Calliostoma canaliculatum, common name the channeled topsnail, is a species of small sea snail with gills and an operculum, a marine gastropod mollusk in the family Calliostomatidae, the calliostoma top snails.

The name of the species Calliostoma canaliculatum (Sasao & Habe, 1973) is preoccupied in Calliostoma, by Calliostoma canaliculatum (Lightfoot, 1786), but not in Tristichotrochus, which is where it is placed by some authors. It is currently a secondary homonym but it has not replaced the preoccupied name because the replacement name would be synonymized sooner or later.

==Description==
Size of the shell varies between 16 mm and 39 mm.

Shell white to buff with raised spiral ribs, interspaces brownish, a small blue stain adjacent to the columnella. Height 15 to 35 mm.

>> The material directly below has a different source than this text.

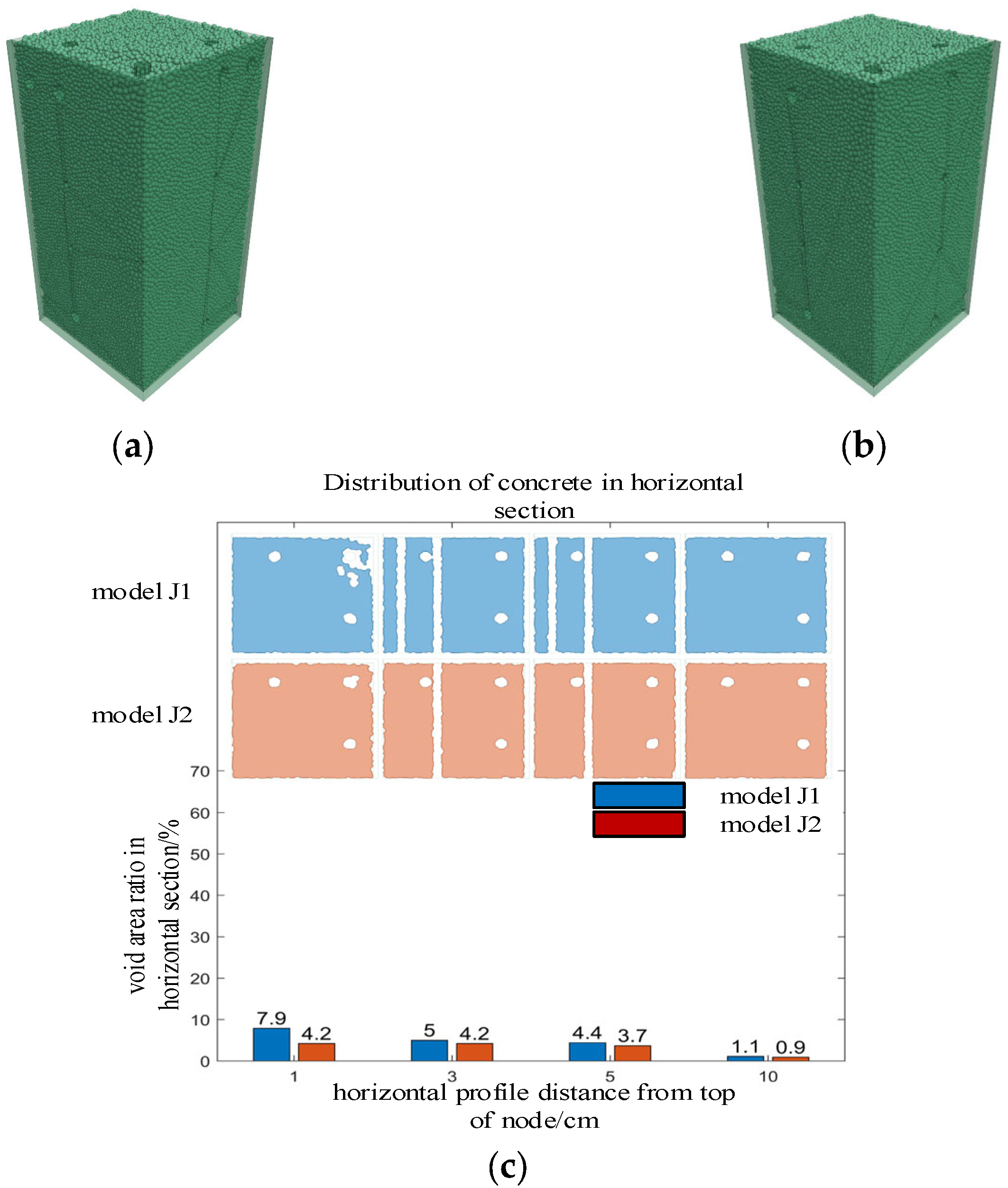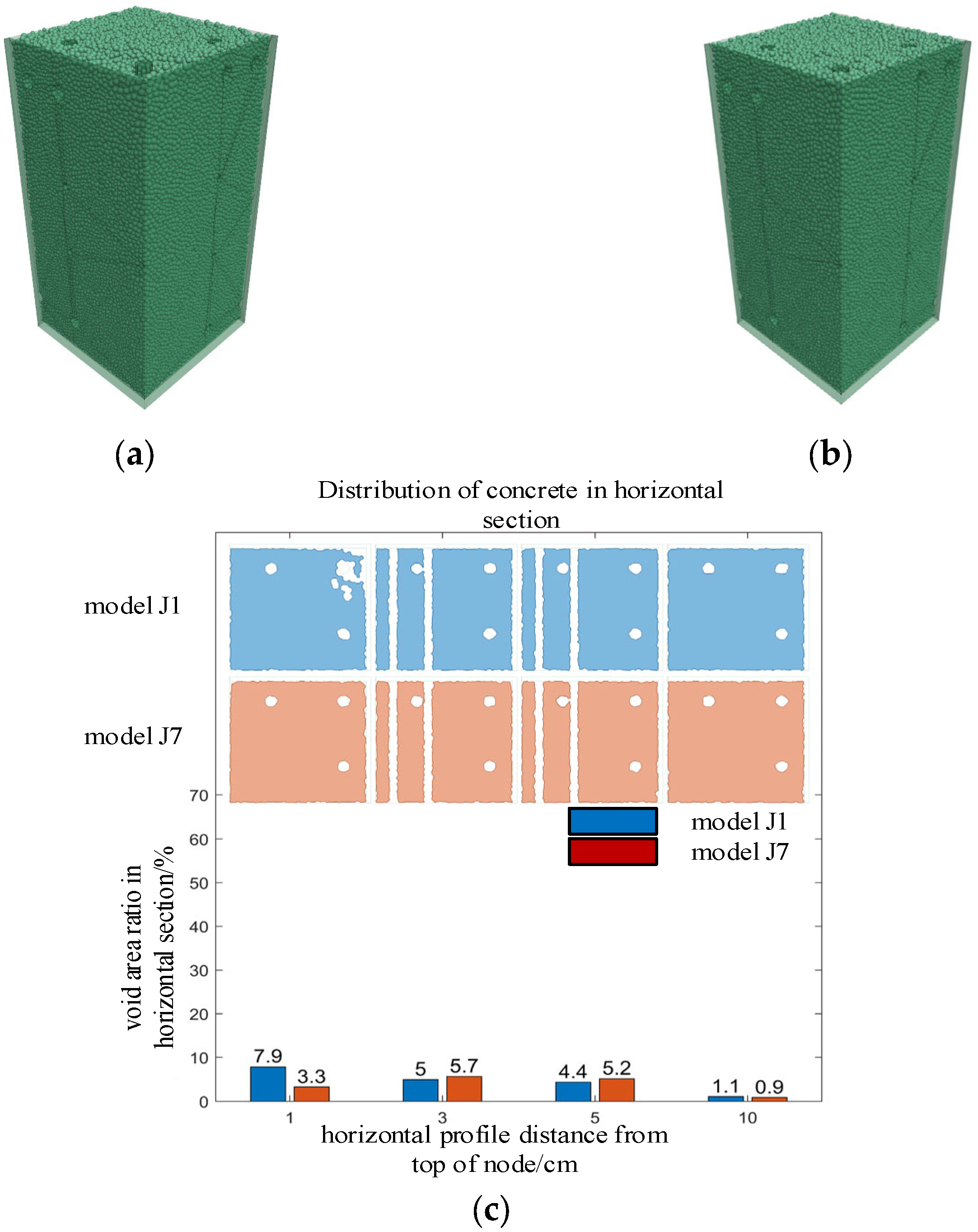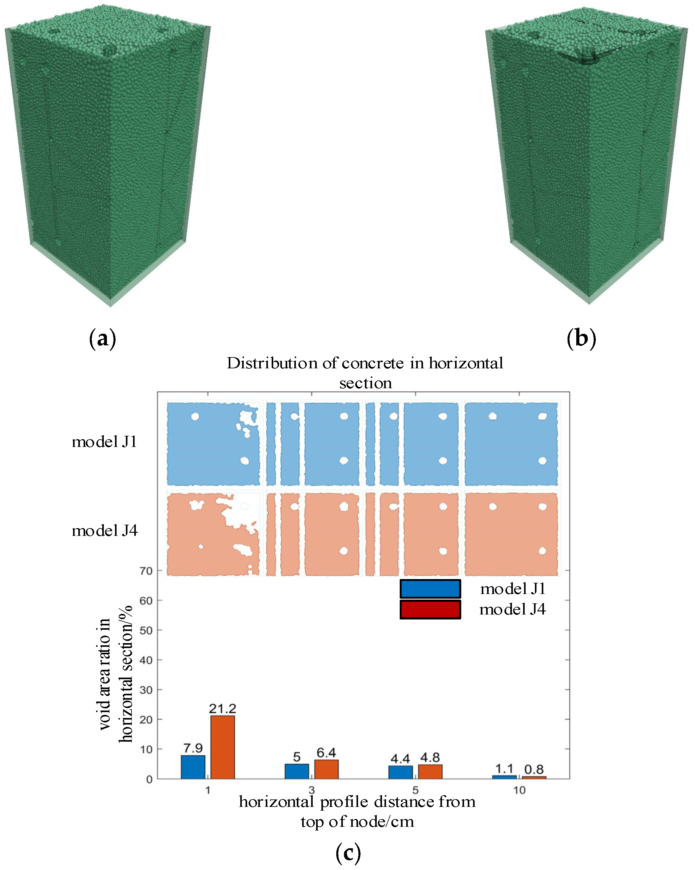 - Through pouring tests and numerical simulations of reinforced concrete beam–column joint pieces, it was found that the void volume and distribution patterns from both were basically consistent. The established numerical model could accurately simulate the rheological behavior of concrete and predict the size and location distribution of pouring defects.

The thin, imperforate shell has a conical shape with a flat base It is fawn colored with yellowish white lirae. The surface of the whorls is encircled by numerous sharply sculptured, smooth, narrow, cord-like lirae, subequal or alternately smaller. The base contains 11 to 13 similar ones. On the upper
whorls the lirae are fewer, and in well preserved individuals the second whorl is minutely beaded above. The spire is conic, with nearly straight outlines. The sutures are impressed. The spire contains 7-8 whorls, with the last obtusely angular, flat beneath and impressed around the axis. The oblique aperture is rhombic, iridescent and sulcated inside. The thin peristome is acute. The columella is straightened, not truncate below, dilated in a pearly iridescent pad above, bounded by an opaque white deposit.

Its mucus contains the toxin BrMT.

==Distribution==
Sitka, Alaska to Camalu, northern Baja California, Mexico.

==Habitat==
On Kelp leaves in deep water: reefs off Santa Barbara, California.